**TASK STATEMENT**
When you return the material, keep every line exactly as it is and omit the pictures.

**DATA**
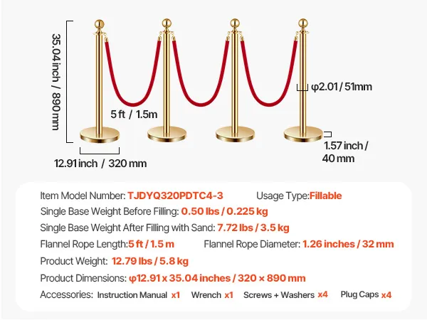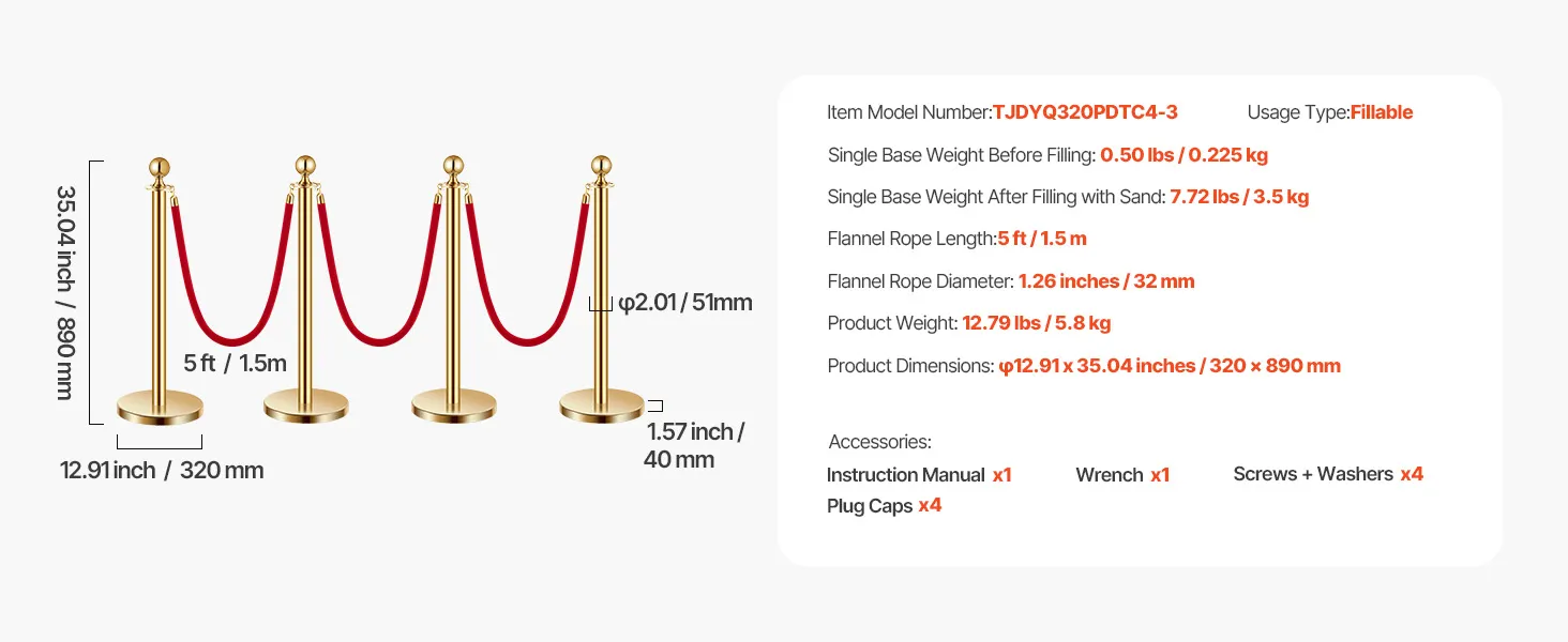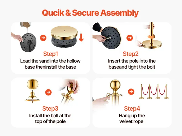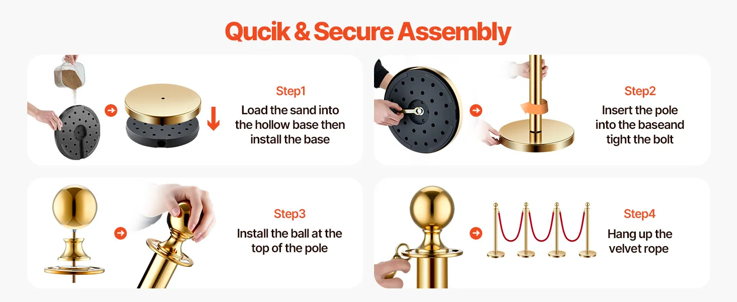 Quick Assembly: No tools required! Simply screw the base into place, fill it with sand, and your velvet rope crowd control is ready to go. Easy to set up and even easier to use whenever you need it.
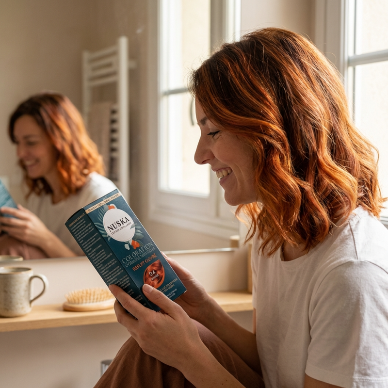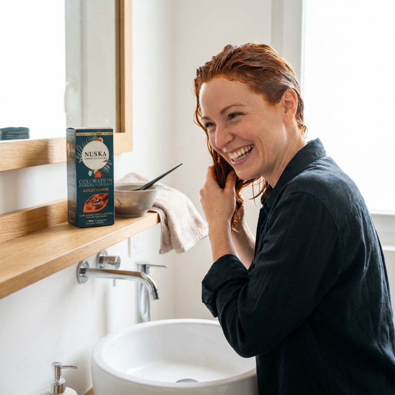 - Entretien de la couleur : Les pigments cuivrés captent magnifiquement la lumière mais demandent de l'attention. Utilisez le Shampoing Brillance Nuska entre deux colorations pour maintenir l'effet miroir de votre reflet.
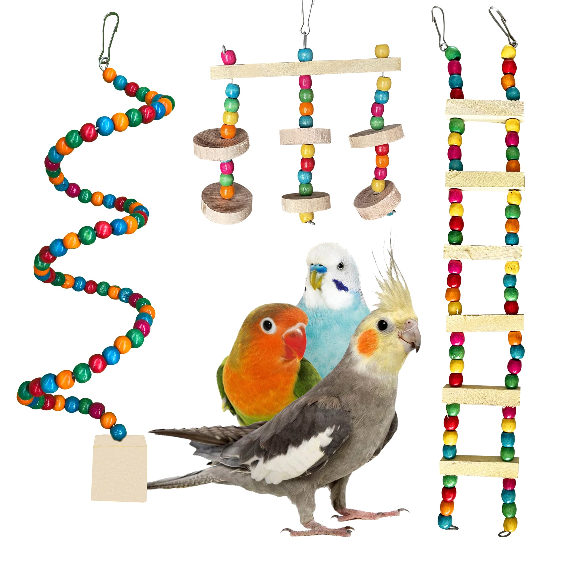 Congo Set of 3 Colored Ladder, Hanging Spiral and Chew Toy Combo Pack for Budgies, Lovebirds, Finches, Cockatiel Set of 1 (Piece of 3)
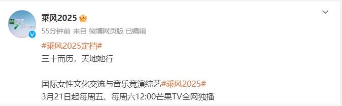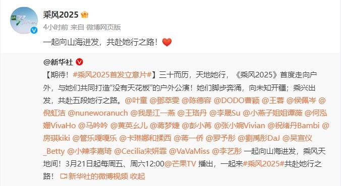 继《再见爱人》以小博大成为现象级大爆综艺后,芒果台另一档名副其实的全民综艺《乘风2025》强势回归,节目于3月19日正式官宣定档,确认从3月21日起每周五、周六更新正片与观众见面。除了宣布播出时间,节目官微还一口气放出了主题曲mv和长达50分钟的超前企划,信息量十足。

**RESPONSE TO THIS EXERCISE**
 Quick Assembly: No tools required! Simply screw the base into place, fill it with sand, and your velvet rope crowd control is ready to go. Easy to set up and even easier to use whenever you need it.
 - Entretien de la couleur : Les pigments cuivrés captent magnifiquement la lumière mais demandent de l'attention. Utilisez le Shampoing Brillance Nuska entre deux colorations pour maintenir l'effet miroir de votre reflet.
 Congo Set of 3 Colored Ladder, Hanging Spiral and Chew Toy Combo Pack for Budgies, Lovebirds, Finches, Cockatiel Set of 1 (Piece of 3)
 继《再见爱人》以小博大成为现象级大爆综艺后,芒果台另一档名副其实的全民综艺《乘风2025》强势回归,节目于3月19日正式官宣定档,确认从3月21日起每周五、周六更新正片与观众见面。除了宣布播出时间,节目官微还一口气放出了主题曲mv和长达50分钟的超前企划,信息量十足。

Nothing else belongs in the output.